Nice box. How do you access the interior? Does the lid opens?

The electrical part is cool indeed. Although, for those of you seeking to make one, here is a tidbit from the corresponding Wikipedia page:

”Health hazards:

The sparks can burn through thin paper and plastic and start fires; contact with the exposed high voltage can be lethal.

Exposure to an arc-producing device can pose health hazards. In a closed space such as a classroom or home, the continuous arc formation of an open-air Jacob’s Ladder will ionize oxygen and nitrogen, which then reforms into reactive molecules such as ozone and nitric oxide. These free radicals can be damaging to the mucous membranes of people near the spark gap. Plants are also susceptible to ozone poisoning.

These hazards are not present when the arc is formed outdoors since the heated ionized gases will rise up into the air and dissipate into the atmosphere. Spark gaps which only intermittently produce short spark bursts are also minimally hazardous because the volume of ions generated is very small.

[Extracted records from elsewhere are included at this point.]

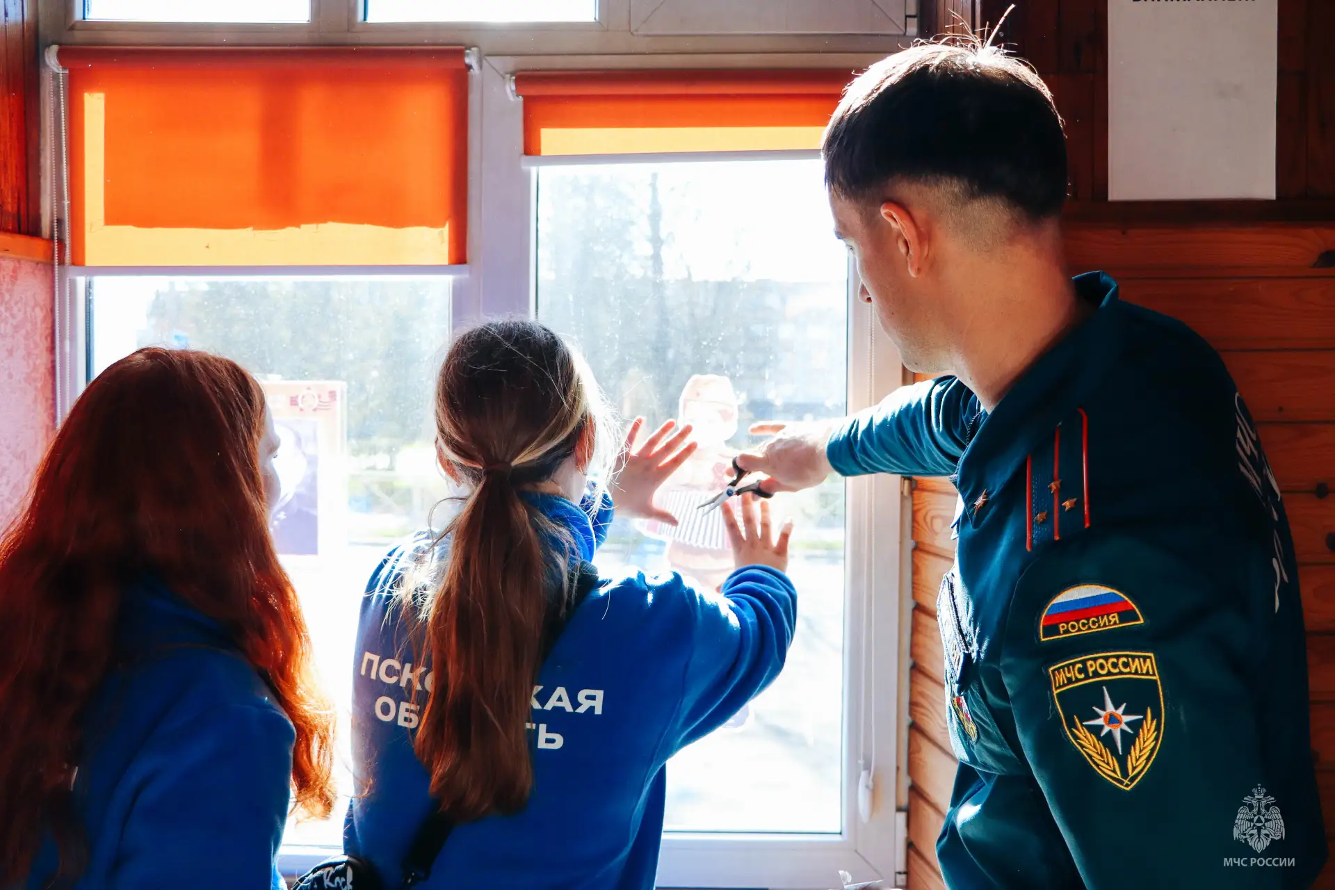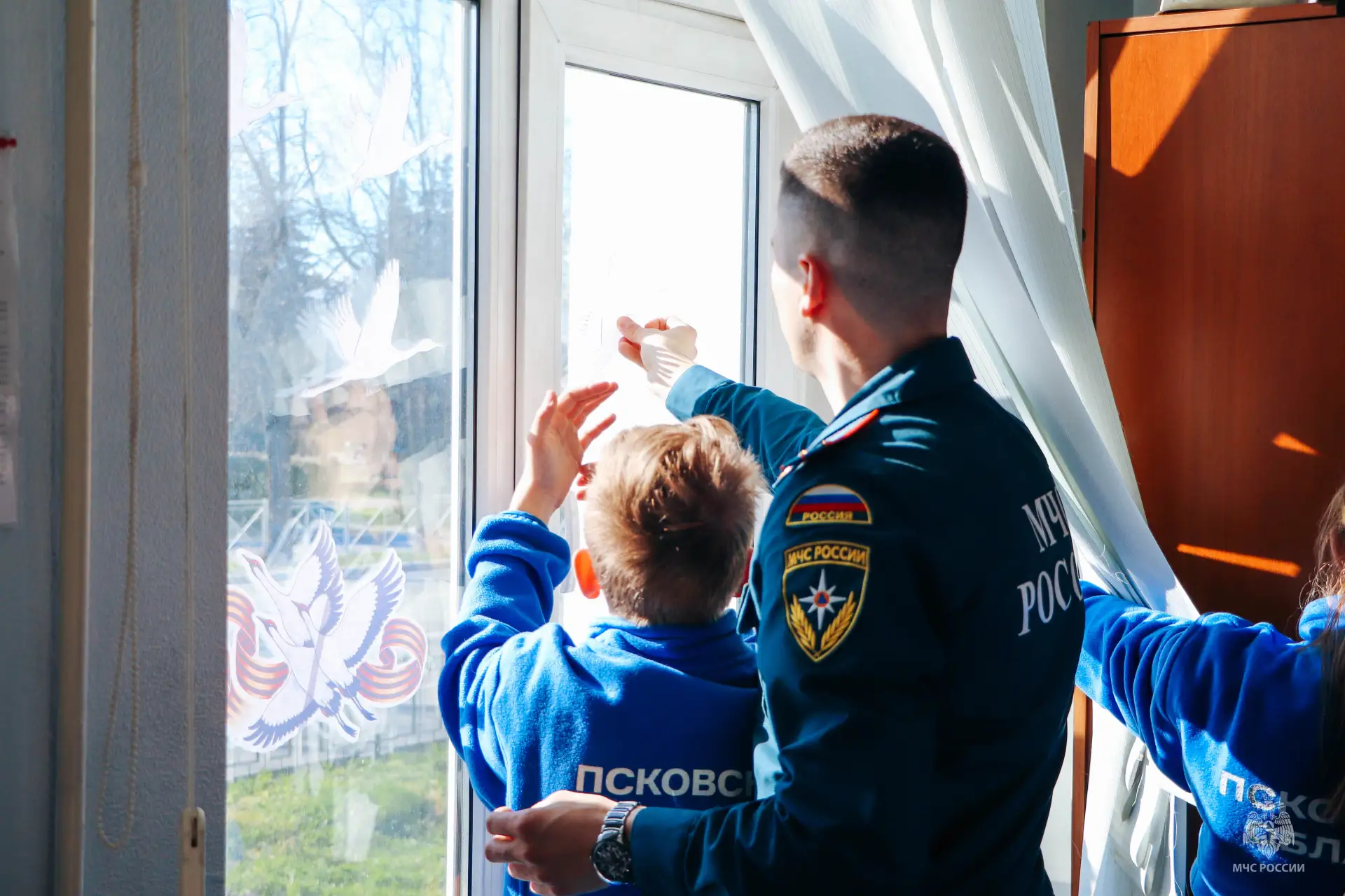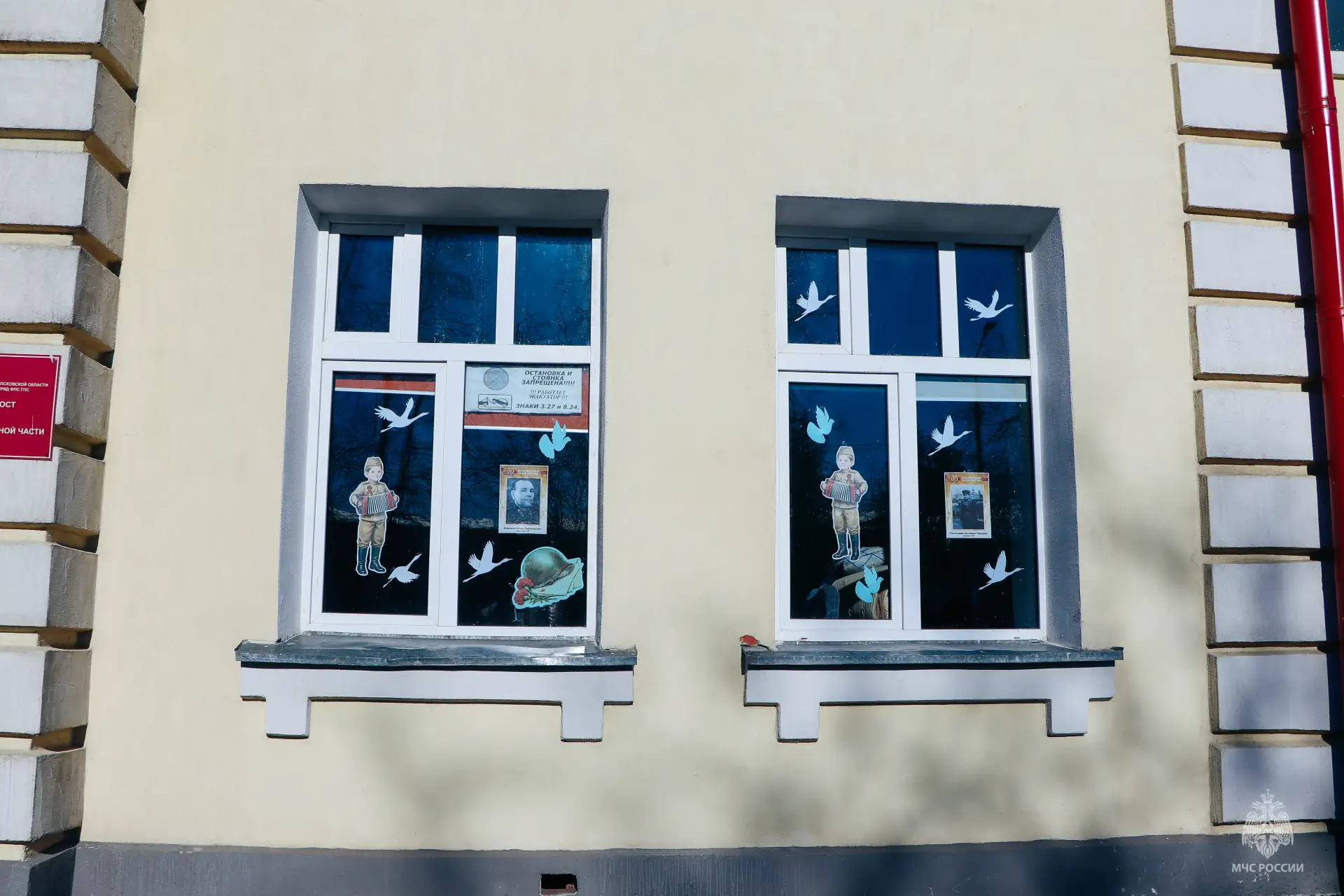 В преддверии празднования Победы в Великой Отечественной войне сотрудники ГУ МЧС России по Псковской области приняли участие в акции «Окна Победы», инициированной Российским движением детей и молодёжи (РДДМ) «Движение первых».
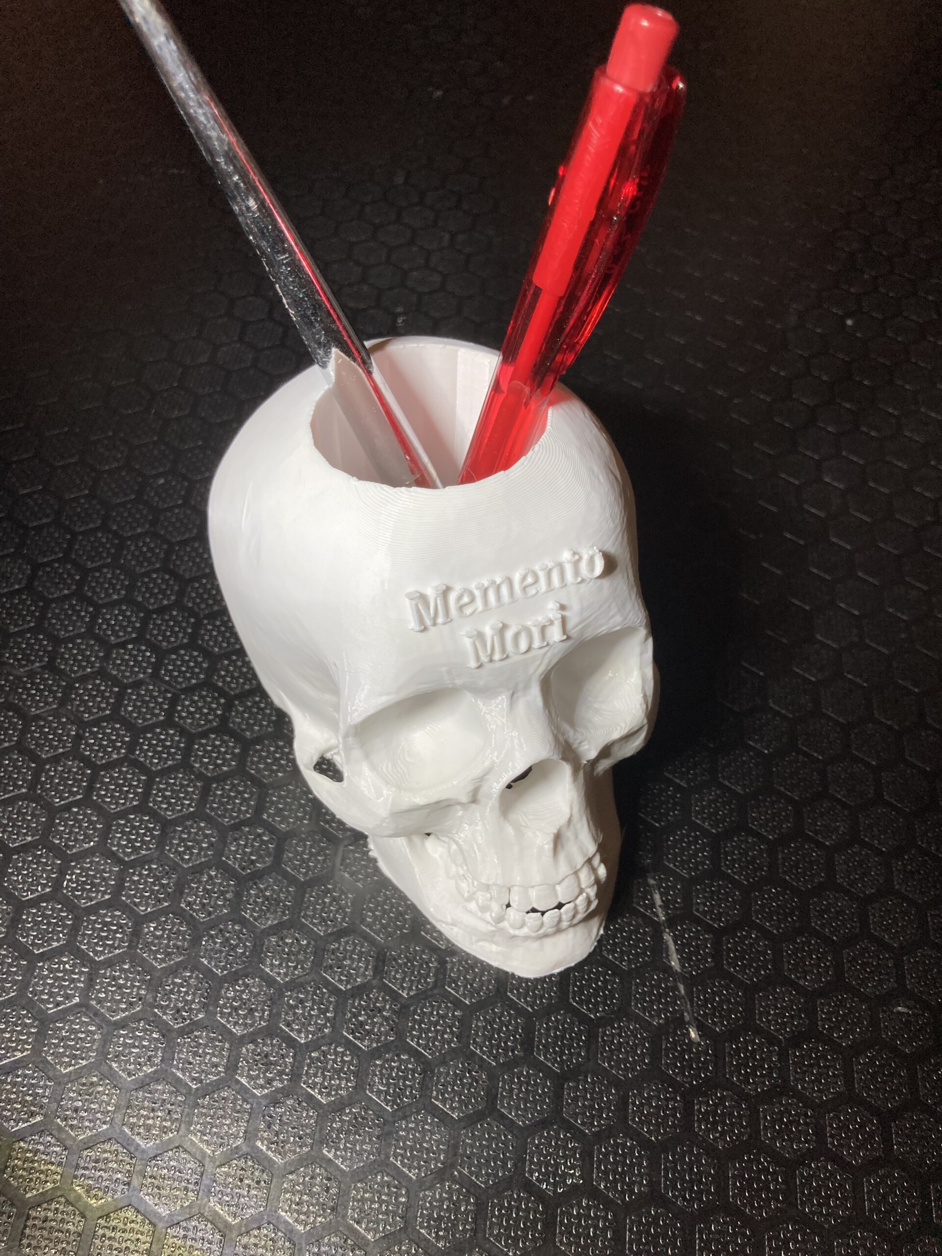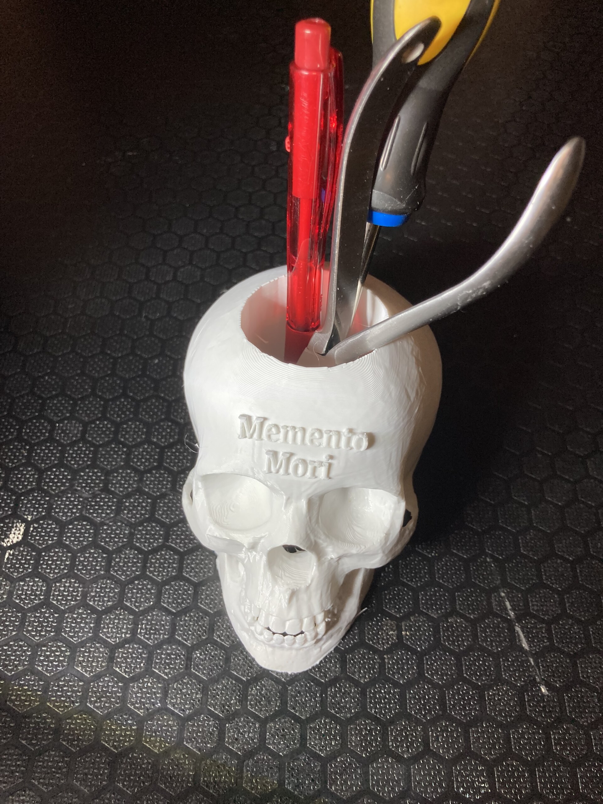 Memento Mori – Remember your death. This skull is a great way to remind us during the Lenten season (or any season) that we will all die one day. This reminder should help us to avoid evil and do good always. This can be used as a pen/pencil holder for your desk or used to hold tools, utensils, etc.
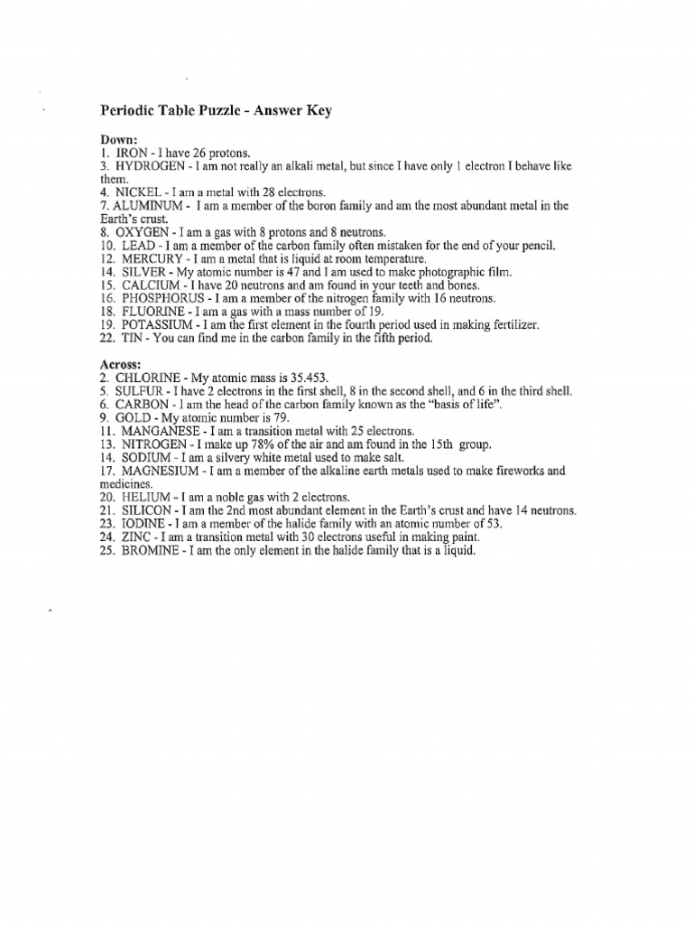 Atomic Structure Crossword Worksheet Answer Key
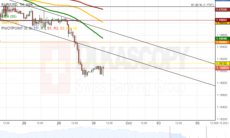 At mid-day on Wednesday, the EUR/USD plummeted, as it passed one weekly simple pivot point after another until it found support in the 1.1590 level. By Thursday’s European morning hours, the rate had been consolidating by trading sideways between the 1.1590 and 1.1610 levels.
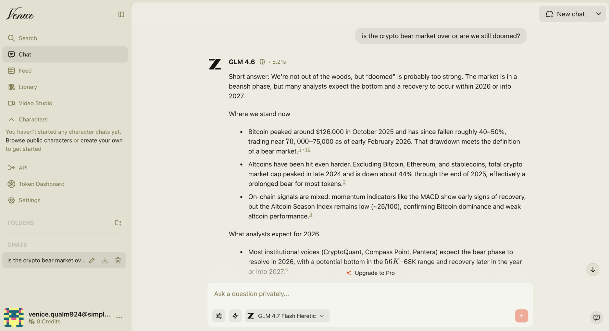 Founded by privacy advocate and Bitcoin OG Erik Voorhees, Venice is where you go when you want Confer-level privacy but also want a wider range of capabilities beyond simple text chats.
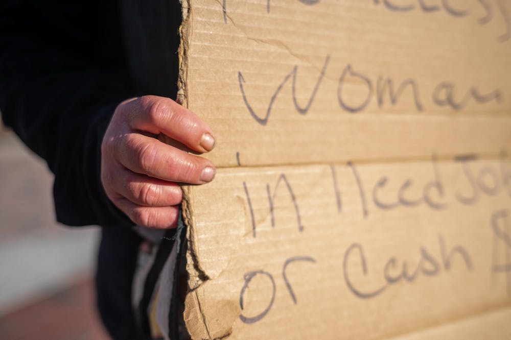 Alicia Childs stands on a street corner in downtown Gainesville, Fla., holding a sign asking passerby for cash or employment, Monday, Jan. 26, 2026.
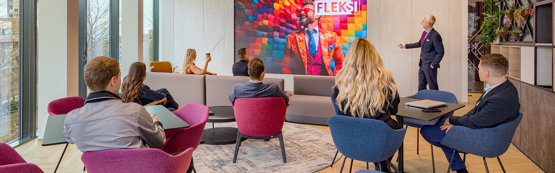 FLEKSI space in the iconic Filadelfia building, located in the lucrative Brumlovka district of Prague, offers you private offices, meeting and coworking spaces. Representative rooms and state-of-the-art AV technology with intuitive controls directly invite you to organize a company party, conference or workshop. Upon arrival, the receptionist will welcome you and your guests, offer you selected drinks and prepare refreshments based on prior arrangement.
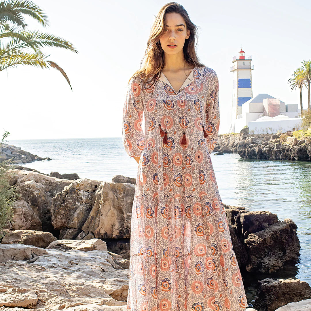 Pastel Perfection. Our dreamy Lisbon Floral, richly colored in dusty pinks and cool seaside blues, makes a sunny statement on our collection classic Womens Indira Dress. This fully lined, full length piece perfectly embodies our boho chic vibe. Works well with a sneaker for day and a leather boot for an evening out. Flattering for all women, including expectant mamas! Long sleeves and a double tassel tie at front are distinctive details.
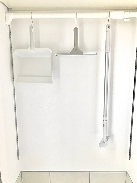 掃除道具は、一概に外で使うものだけでなく”長く収納しづらいものは吊るして”。
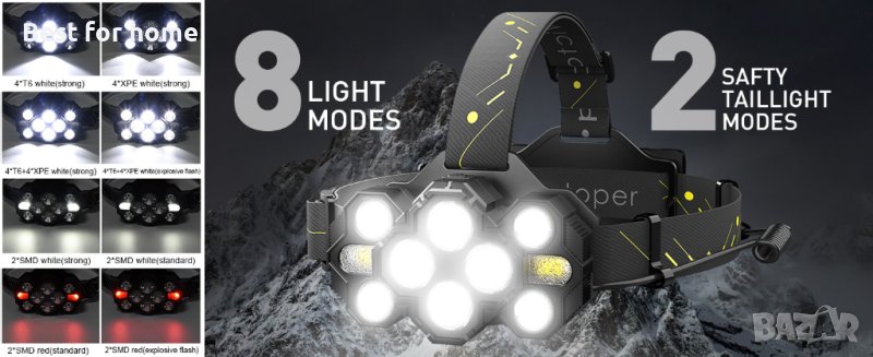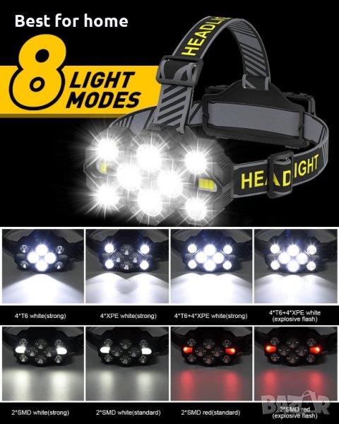 2023 СУПЕР ЯРЪК 10 LED И ДЪЛГОТРАЕН ФЕНЕР ЗА ЧЕЛНИК - 2023 Надстроена Висококачествена батерия поддържа 3 часа бързо зареждане, което осигурява 7-8 часа работа. Благодарение на усъвършенствания дизайн на LED крушки T6*4 + XPE*4+SMD*8, животът на батерията при пълно зареждане при всяка употреба е три пъти по-дълъг и по-ярък от нормалните фенери на пазара.
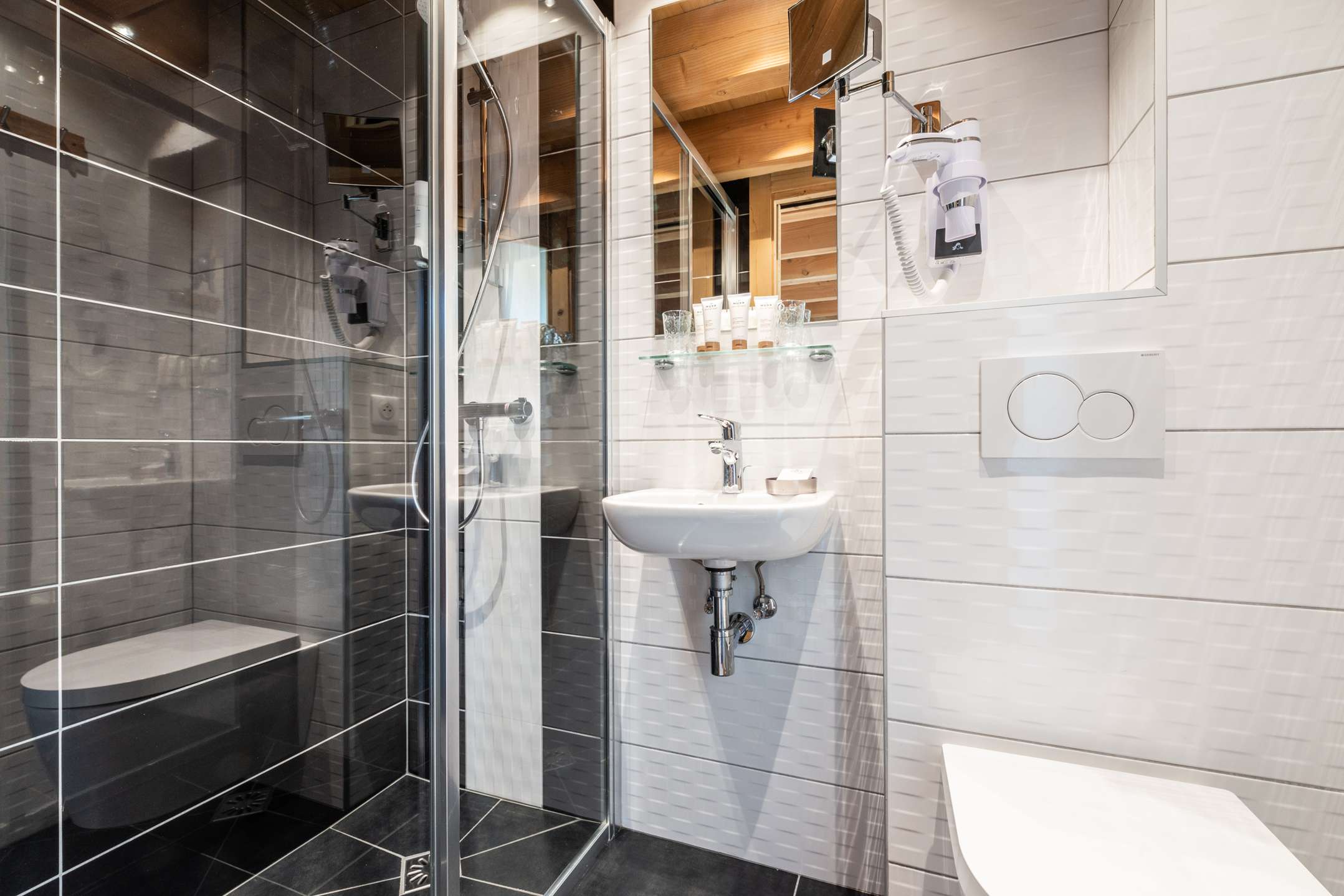 - 3 chambres avec deux lits simples et chacune avec leur salle de douche + WC attenante

Arcs can also produce a broad spectrum of wavelengths spanning the visible light and the invisible ultraviolet and infrared spectrum. Very intense arcs generated by means such as arc welding can produce significant amounts of ultraviolet which is damaging to the retina of the observer. These arcs should only be observed through special dark filters which reduce the arc intensity and shield the observer’s eyes from the ultraviolet rays.”

Not to demerit the project in any way but, if I were you (or your cat!) I’d be very careful…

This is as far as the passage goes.